Правда, во всей этой истории один момент все же оставался неясным: что считать пародией — "Онегина" на "Бал", или наоборот. В 1832 году, публикуя через четыре года после выхода в свет "Бала" восьмую главу романа, Пушкин вносит окончательную ясность и в этот вопрос, насыщая текст главы цитированием стихов из поэмы Баратынского. В частности, в словах Татьяны:

Не потому ль, что мой позор
Теперь бы всеми был замечен
И мог бы в обществе принесть
Вам соблазнительную честь? (XLIV)

Набоков, рассматривая слово "соблазнительную" в его значении как "скандальную", расценил его использование Пушкиным как отсылку к "Балу" (стихи 82-84):

Не утомлен ли слух людей
Молвой побед ее бесстыдных
И соблазнительных связей?

О стремлении придать восьмой главе признаки пародийности по отношению к "Балу" свидетельствует текст не вошедшей в канонический текст строфы XXVIIb, которую Набоков считал лучшим из всего созданным Пушкиным (т.3, с. 211); он отмечает, что стих 8 "Вокруг пленительных харит" взят из "Бала" Баратынского:

Вокруг пленительных харит
И суетится и кипит
Толпа поклонников ревнивых...

Набоков считает, что эта строфа не вошла в окончательный текст по цензурным соображениям (Онегин, видящий только Татьяну, не обращает внимания на царскую чету); я же полагаю, что строфа могла быть исключена по иной причине: описание наряда жены Николая I нарушало стройную систему временных меток, четко датирующих действие фабулы сказа.

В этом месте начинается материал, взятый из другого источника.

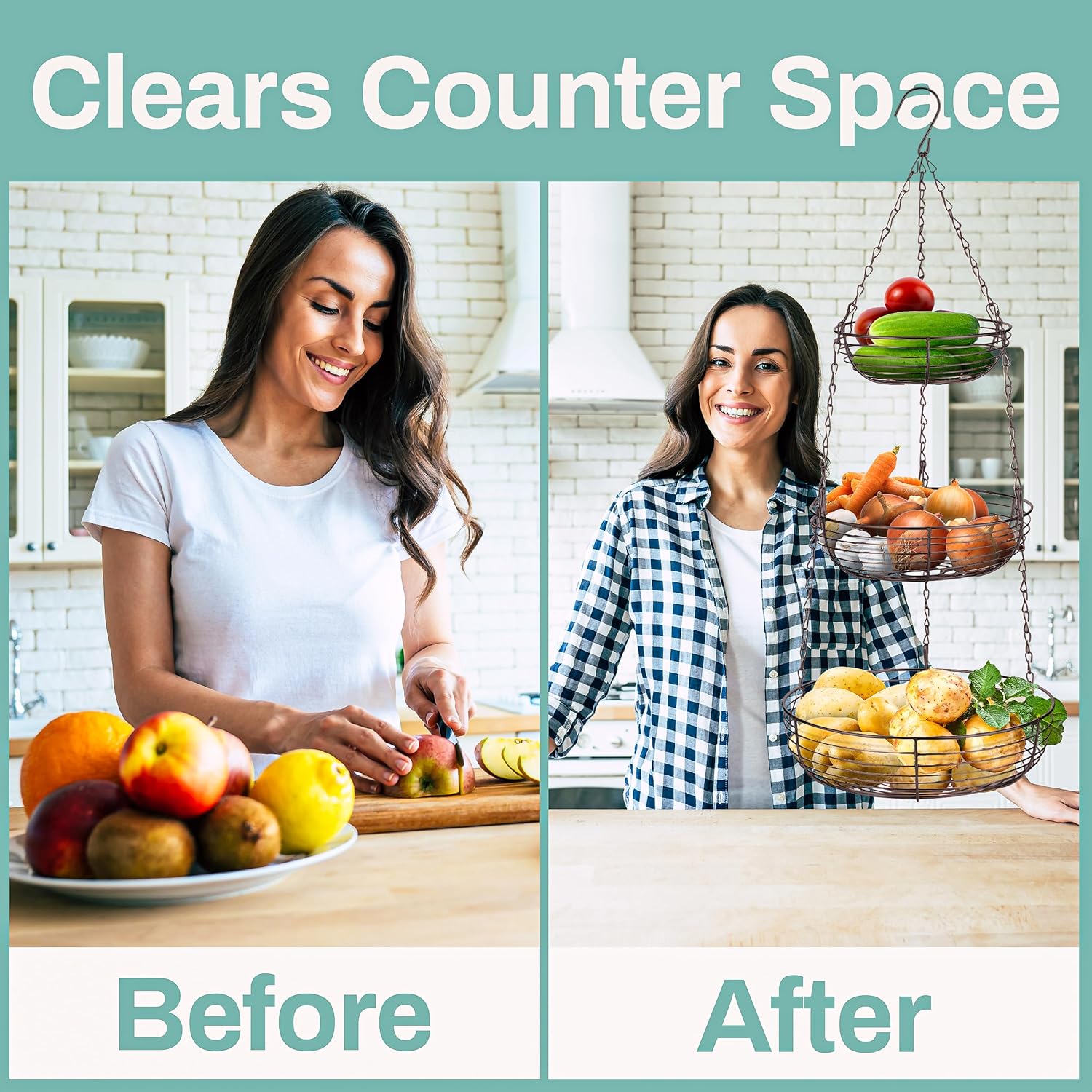 Home Intuition 3-Tier Hanging Fruit Produce Basket Heavy Duty Wire with 2 Metal Ceiling Hooks, Round, Bronze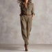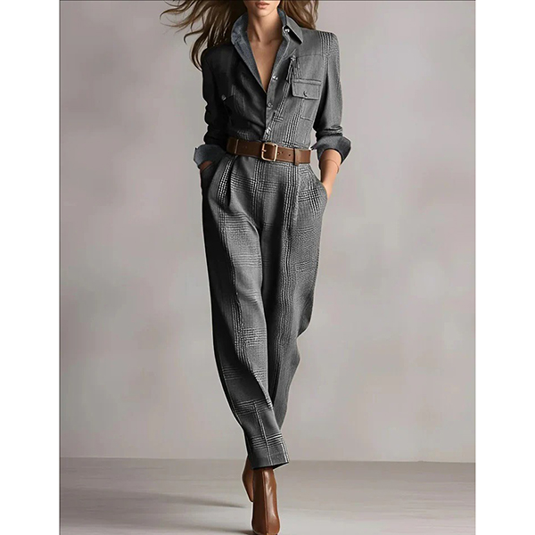 Denna jumpsuit har ett tidlöst rutmönster, en strukturerad ståkrage och funktionell knäppning fram för en vintageinspirerad och samtidigt modern elegans. Den rutiga designen ger klassisk charm och en traditionell känsla, medan ståkragen framhäver en raffinerad halsringning och skapar en professionell, sofistikerad stil. Vill du ha en?

Характерно, что, исключив эту строфу, Пушкин, видимо, пожалел только об одном: ушла отсылка к "Балу". И он решил это скомпенсировать: в написанный уже через год после завершения восьмой главы текст письма Онегина к Татьяне он вводит стихи:

Ото всего, что сердцу мило,
Тогда я сердце оторвал,

в которых Набоков усматривает отсылку к стихам 223-224 "Бала":

И, прижимая к сердцу Нину,
От Нины сердце он таил.

Но, похоже, и такого цитирования для Пушкина было недостаточно; в фабуле восьмой главы появляется Нина Воронская, "Клеопатра Невы", а также сцена объяснения в будуаре, только с участием не Арсения, а Евгения... Это не могло не вызвать прямой ассоциации с героиней поэмы Баратынского (дошло до того, что даже современные комментаторы "Бала" называют героиню Баратынского Ниной Воронскою, у них идентичность двух образов не вызывает сомнений). Поскольку публикация восьмой главы стала "последним словом" в диалоге двух произведений, то стало очевидным, что пародируется именно "Бал" в "Евгении Онегине", а не наоборот. Следует отметить, что по первоначальному замыслу Пушкина такое "пародирование" еще более усиливалось описанием портрета Нины Воронской: в строфе 8-XXVIIa, не вошедшей в окончательный текст главы, этот персонаж описан более подробно, причем явно с позиций "Бала" (отмечено Набоковым — т. 3, с. 208-209).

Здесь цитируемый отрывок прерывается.